Climate parameters required : rainfall amount and duration, solar radiation, maximum and minimum air temperatures, dew point temperatures. If actual measured data is not available the model uses CLIGEN to generate climate data.

Upland Input: Surface and subsurface runoff.

Interception: Vegetation canopy and litter layer interception.

• Interception computed using modified form of Thomas & Beasley (1986) equation. Variables that determine interception amount are: LAI, canopy storage capacity, and rainfall amount.
• Precipitation falling through the canopy is available for litter interception. Litter interception is a function of litter storage capacity and litter layer depth.

Evaporation and transpiration:

• Evapotranspiration is computed in two stages. Intercepted water on the vegetation canopy evaporates first. Transpiration proceeds after all intercepted water is lost.
• Potential evapotranspiration is computed using a modified form of the Penman-Monteith equation (Running & Coughlan, 1988).
• Transpiration losses are controlled by stomatal resistance.
• Radiation that reaches the mineral soil surface drives the soil surface evaporation.
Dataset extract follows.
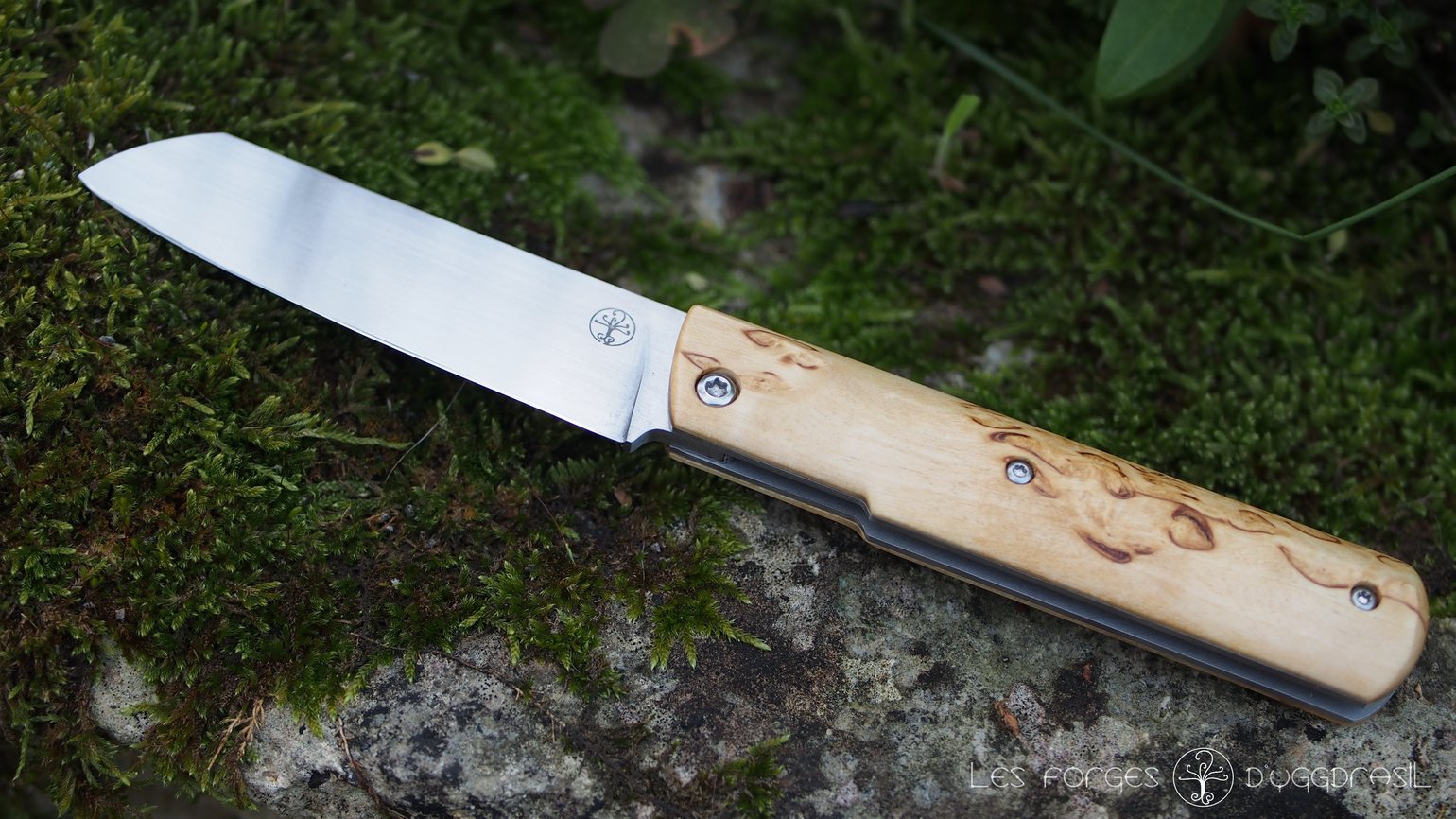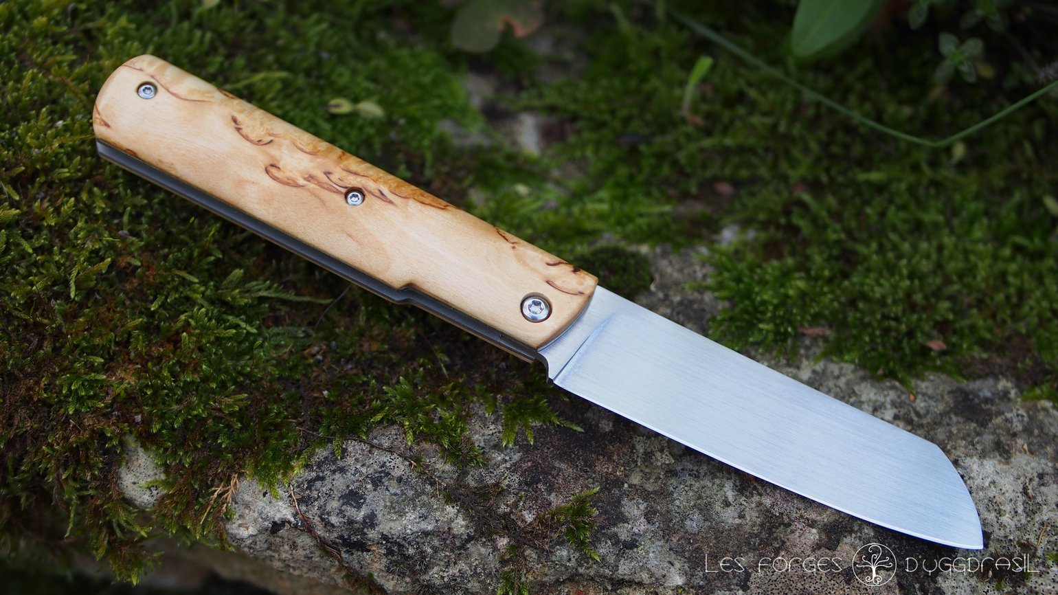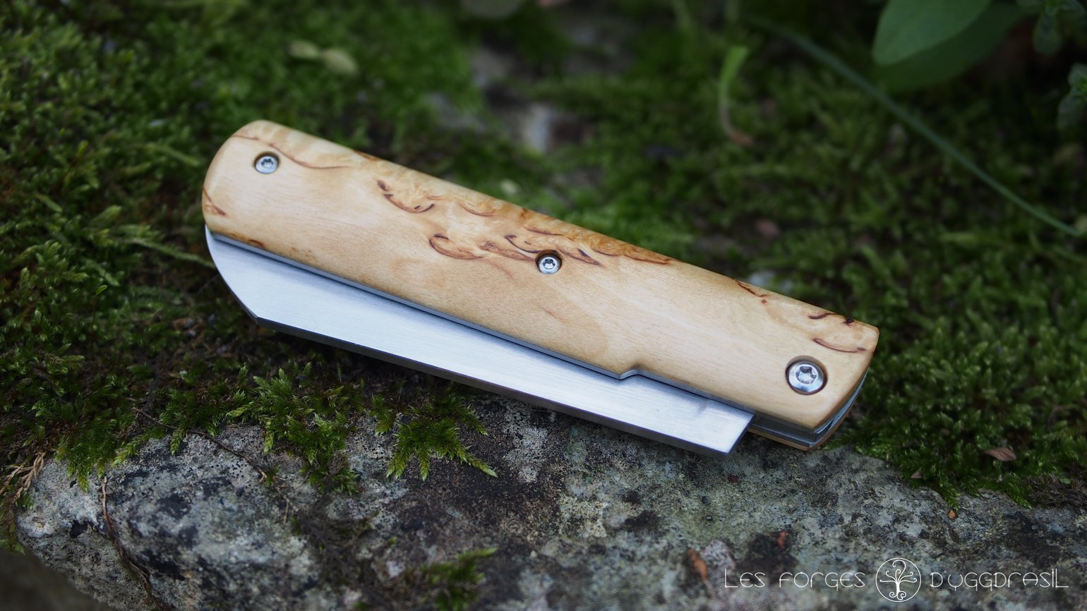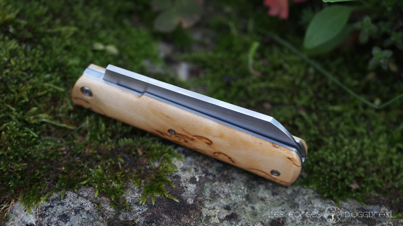 Les plaquettes sont en bouleau madré, la visserie est en inox.

Soil evaporation is computed in two stages following Gardner & Hillel (1962).
• The extinction of radiation through the vegetative canopy is computed using Beer-Lambert Law.

Infiltration and vertical drainage:

• Infiltration is computed using the modified form of Green-Ampt equation (Stone et al., 1994).
• Vertical drainage occurs when soil moisture exceeds the field capacity of a soil layer.
• Influence of a shallow water table on soil moisture of an overlaying soil layer is considered.
• Upward flux from the shallow water table to meet evapotranspiration losses from overlaying soil layers is simulated using the Darcy-Buckingham equation as decsribed by Skaggs (1978).

Surface runoff:

• Surface runoff forms simulated - infiltration excess, saturation excess, and return flow.
• Surface runoff entering the riparian area from upland contributing areas is routed downslope.

Subsurface flow:

• Lateral subsurface flow is assumed to occur when soil moisture exceeds the field capacity and there is sufficient hydraulic gradient to move the water.
• Lateral flow is simulated using Darcy's equation.
• Lateral subsurface flow can be released as return flow if the soil profile downslope is already saturated.